Find the vertex of the parabola y=3x^2+x+5
which method did they teach you?
Completing the square or using a formula?
y=3x^2+x+5= 3(x^2 + x/3 + ? ) + 5
= 3(x^2 + x/3 + 1/36 ) + 5 -1/36
= 3(x+ 1/6)^2 + 4 35/36
vertex at x=-1/6
The method used here is completing the square. To find the vertex of the parabola y=3x^2+x+5, follow these steps:
1. Start with the equation: y=3x^2+x+5.
2. Rewrite the equation to create a perfect square trinomial in the form (x + h)^2:
y = 3(x^2 + x/3) + 5.
3. Take half of the coefficient of x (1/3 in this case) and square it to get (1/6)^2 = 1/36.
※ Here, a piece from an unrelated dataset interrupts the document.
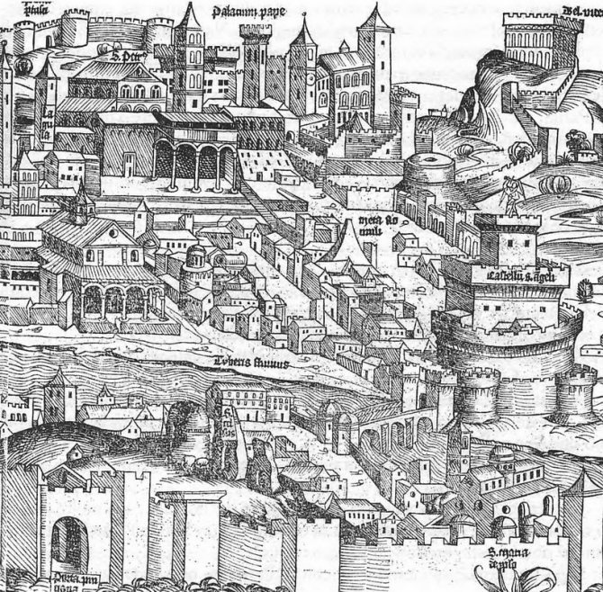 Ninth-century mosaics in the Church of St. John on Lateran Hill show Christ giving Charlemagne the scarlet banner of the empire with a golden cross on its shaft. A description of this banner is preserved in the Song of Roland.

4. Add the square term inside the parentheses:
y = 3(x^2 + x/3 + 1/36) + 5.
5. To maintain the equality of the equation, subtract the added term outside the parentheses:
y = 3(x^2 + x/3 + 1/36) + 5 - 1/36.
6. Simplify the equation:
y = 3(x+ 1/6)^2 + 4 35/36.
7. From the equation, we can see that the vertex of the parabola is at the point (-1/6, 4 35/36). Therefore, the vertex of the parabola is at x = -1/6.